EXERCISE DETAILS: Your task is to copy the listing exactly. Drop any pictures from the copy.

PROVIDED MATERIAL:
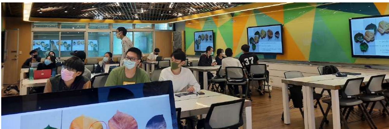
綜合401未來教室上課實景

除了「真正的老師」之外，同學也是我的老師。大家都來自不同的學校與背景，每個人都有擅長的面向，有的生化很好、有的微積分超強、有的很會點植物解剖圖、有的很會認植物與背植物學名等等，大家彼此學習/cover，一起努力讓必修課過關。而我都不擅長，但也還可以應付，唯一擅長的應該只有打籃球了。很幸運地，遇到喜歡打球的同學、學長姊、學妹，組成了一隊超強的植物系女籃，拿過校內外比賽的冠亞軍；大家一起在球場上奔跑、流汗、曬黑，真的是一
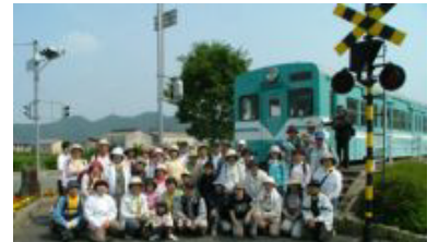
⑦ 無事列車(?)の旅を終え記念撮影鍛冶屋線を歩くpart 2が楽しみ!

FINAL ANSWER:
綜合401未來教室上課實景

除了「真正的老師」之外，同學也是我的老師。大家都來自不同的學校與背景，每個人都有擅長的面向，有的生化很好、有的微積分超強、有的很會點植物解剖圖、有的很會認植物與背植物學名等等，大家彼此學習/cover，一起努力讓必修課過關。而我都不擅長，但也還可以應付，唯一擅長的應該只有打籃球了。很幸運地，遇到喜歡打球的同學、學長姊、學妹，組成了一隊超強的植物系女籃，拿過校內外比賽的冠亞軍；大家一起在球場上奔跑、流汗、曬黑，真的是一
⑦ 無事列車(?)の旅を終え記念撮影鍛冶屋線を歩くpart 2が楽しみ!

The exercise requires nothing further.